### REQUIREMENT
Print the entries underneath word for word, omitting whatever pictures they contain.

### RECORDED DATA

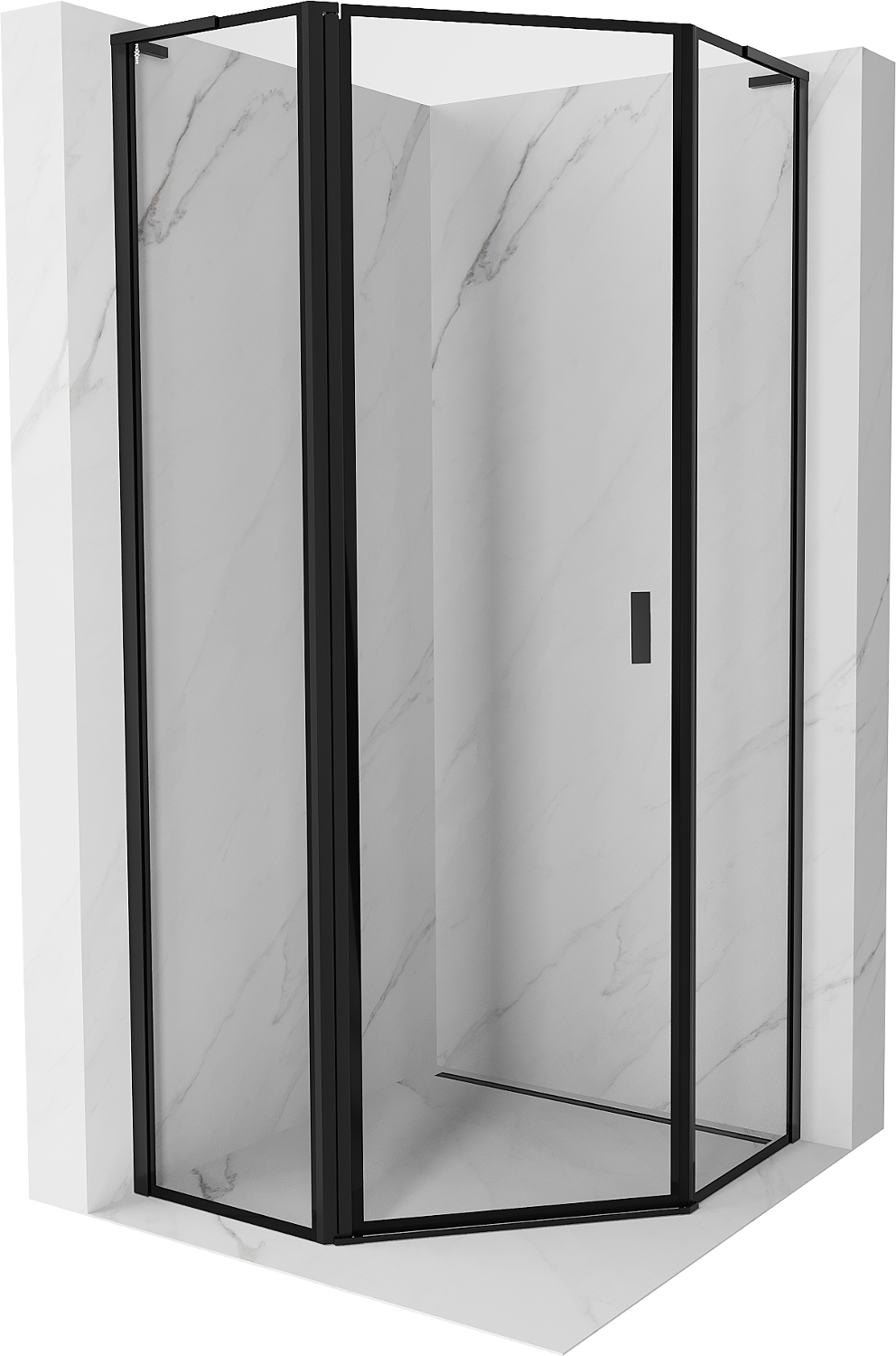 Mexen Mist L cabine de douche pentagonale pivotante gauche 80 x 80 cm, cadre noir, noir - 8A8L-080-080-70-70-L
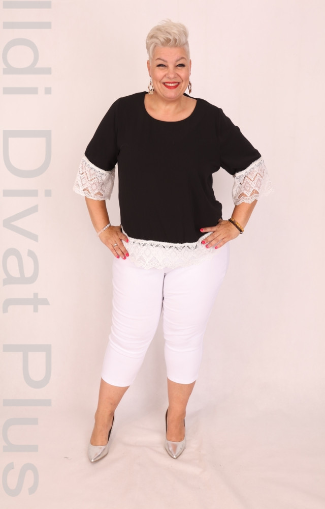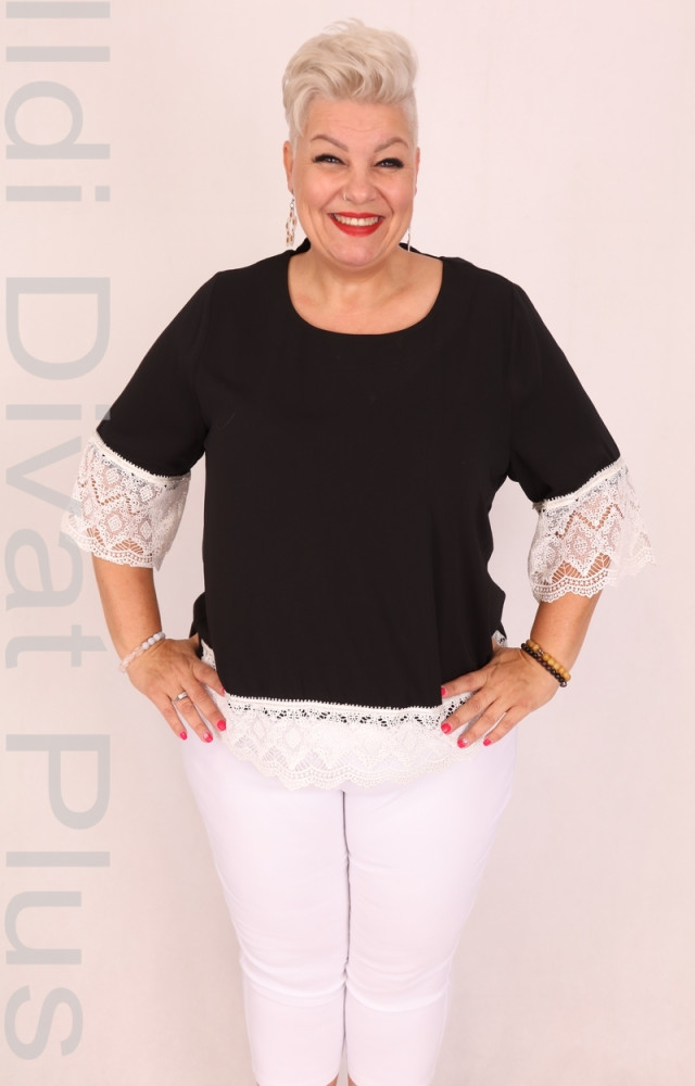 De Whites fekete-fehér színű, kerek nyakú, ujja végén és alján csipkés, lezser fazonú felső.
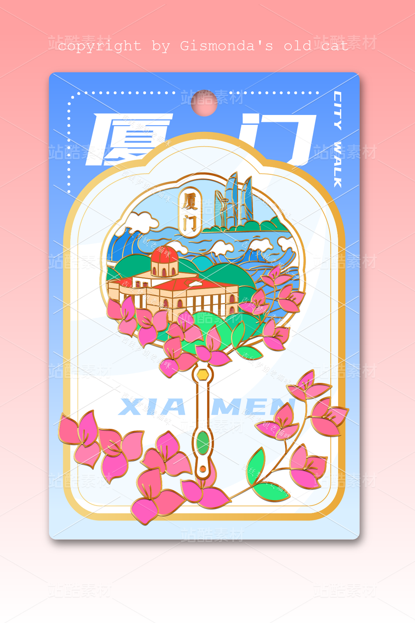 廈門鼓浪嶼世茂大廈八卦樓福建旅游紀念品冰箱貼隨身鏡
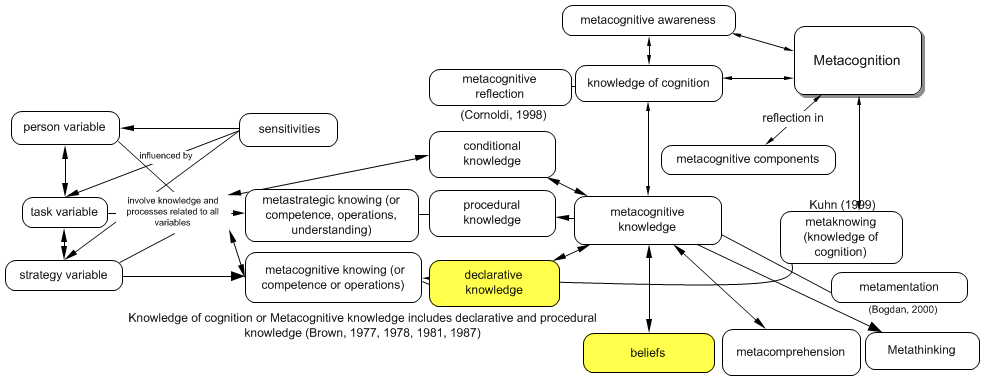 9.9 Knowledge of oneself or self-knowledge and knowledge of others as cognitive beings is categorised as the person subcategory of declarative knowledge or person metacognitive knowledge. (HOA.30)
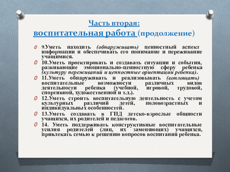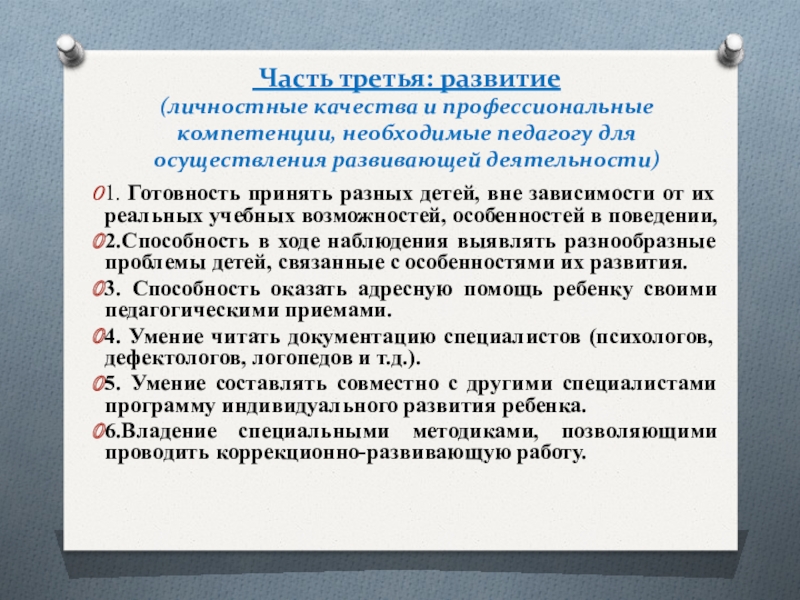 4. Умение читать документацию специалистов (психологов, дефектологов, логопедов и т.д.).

### ANSWER TO THE EXERCISE
 Mexen Mist L cabine de douche pentagonale pivotante gauche 80 x 80 cm, cadre noir, noir - 8A8L-080-080-70-70-L
 De Whites fekete-fehér színű, kerek nyakú, ujja végén és alján csipkés, lezser fazonú felső.
 廈門鼓浪嶼世茂大廈八卦樓福建旅游紀念品冰箱貼隨身鏡
 9.9 Knowledge of oneself or self-knowledge and knowledge of others as cognitive beings is categorised as the person subcategory of declarative knowledge or person metacognitive knowledge. (HOA.30)
 4. Умение читать документацию специалистов (психологов, дефектологов, логопедов и т.д.).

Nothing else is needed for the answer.